Monday, October 29, 2007

Oh oh oh they're magic...

Fresh off of my Jaywalker euphoria, I cast on for another pair of socks. Well actually, that's not the full story.

(Why are my sock stories always sagas?)



I had this ball of Magic Stripes yarn in the Denim Stripe color way which I bought last Christmas. I'm totally aware of people's feelings about this yarn, but for some reason it just called to me.



While I was still working on my first Jaywalker, I cast on another pair in this yarn and plugged away.

I actually got almost to the heel-turning point before the concept of yardage entered my mind. 330 yards divided by 2 gave me much less yarn than I needed for a full pair. About 25% less. I did some math, I weighed some things, and when it came down to it, I didn't really want Jaywalker anklets badly enough to have to calculate what percentage of the cuff to rip back. I also really didn't want to knit a whole pair of socks constantly sweating the yardage.

I contemplated trying to find another skein in this dye lot (90), but Ravelry turned up empty and I couldn't find it for sale online. It occurred to me that they weren't lying on the package. It really could provide two socks in one ball, just not two Jaywalkers.



A-frogging I went. Man, it never really gets easier.

I decided the best way to handle my predicament was with math. This is probably a strange concept since this whole dilemma started by an aversion to math, but there it is.

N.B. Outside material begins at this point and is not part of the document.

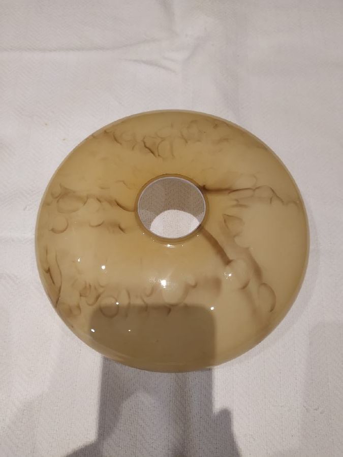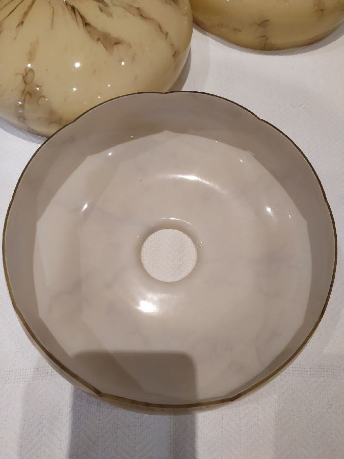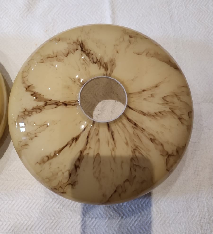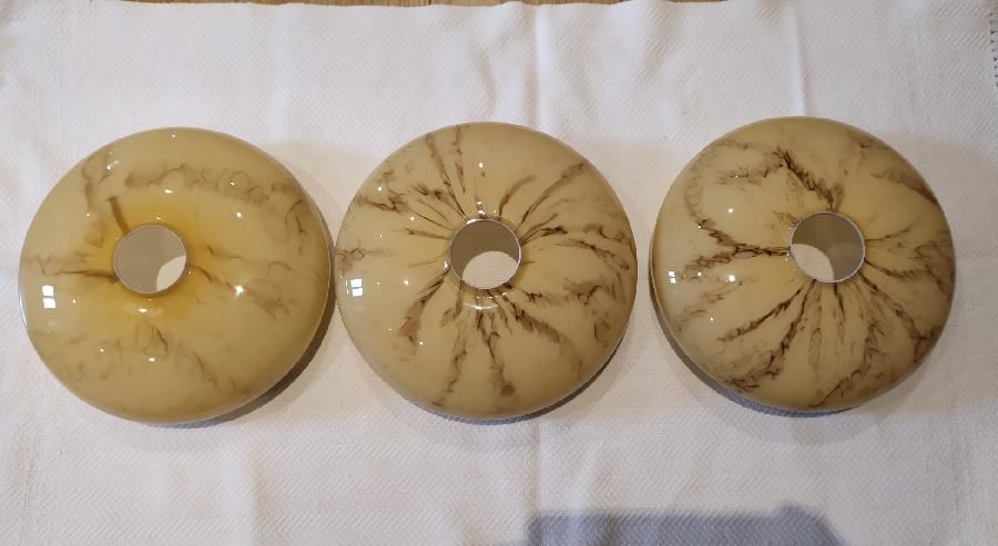 Lot de 3 abat-jours suspension en verre marbré et dentelé. Diamètre extérieur 23 cm, intérieur 20 cm.

I weighed my skein, measured my foot, then... made a gauge swatch. It is indeed the world's twee-est gauge swatch, and I felt ludicrous doing it, but it was informative. I got exactly 8 stitches to the inch, and if I were estimating, I would have said 6.5.




I plugged some numbers into a brilliant worksheet, and suddenly I was casting on for toe-up socks.



The pattern is brilliantly simple (Universal Toe-Up Sock Formula from Knitty, summer 2006). It began with a crochet cast-on, a short-row toe (interesting and very easy), then undoing the crochet, picking up the live stitches and working in the round. I mangled the crochet in unpicking it, but I didn't have any problems with the live stitches.



From there, I just zipped along. During a phone conversation with my mother and brother (they put me on speaker), I finished the foot. When I hung up, I turned the heel in literally a few minutes. I was amazed.

I weighed my sock at this point, minus the weight of the needles (can you tell that my digital scale is my new favorite toy?). It is 32.4 grams, leaving me 16.4 grams for the cuff, approximately 54 yards (I could explain all this math if you're really interested, but it involved cross-multiplying and ratios). I think that will be plenty.



I really love this yarn, which consistently surprises me. I see baseball, Americana, and sometimes the 1970s when I look at it. Occasionally it makes me think of clowns, and though I'm genuinely terrified of clowns, this yarn mitigates that and I just enjoy it. It ventures into that "so wrong it's right" territory for me, and for that, it's won my heart.

I also have unending love for this pattern and its adaptability. I carefully tried my sock on at the point of this last photo, and the fit is spot-on. It is exactly the right toe-to-heel distance and has a really enjoyable snugness. It probably helps that my foot has exact measurements of 9 inches circumference and 9.5 inches length. My worksheet yielded beautiful numbers (64 stitches, exactly 8 inches for the sole etc), which has only added to the pleasure.

I have skeins of two more sock yarns due to arrive soon, and I may use this pattern (or another toe-up) for both of those. I like not having to worry about yardage. I like it a lot.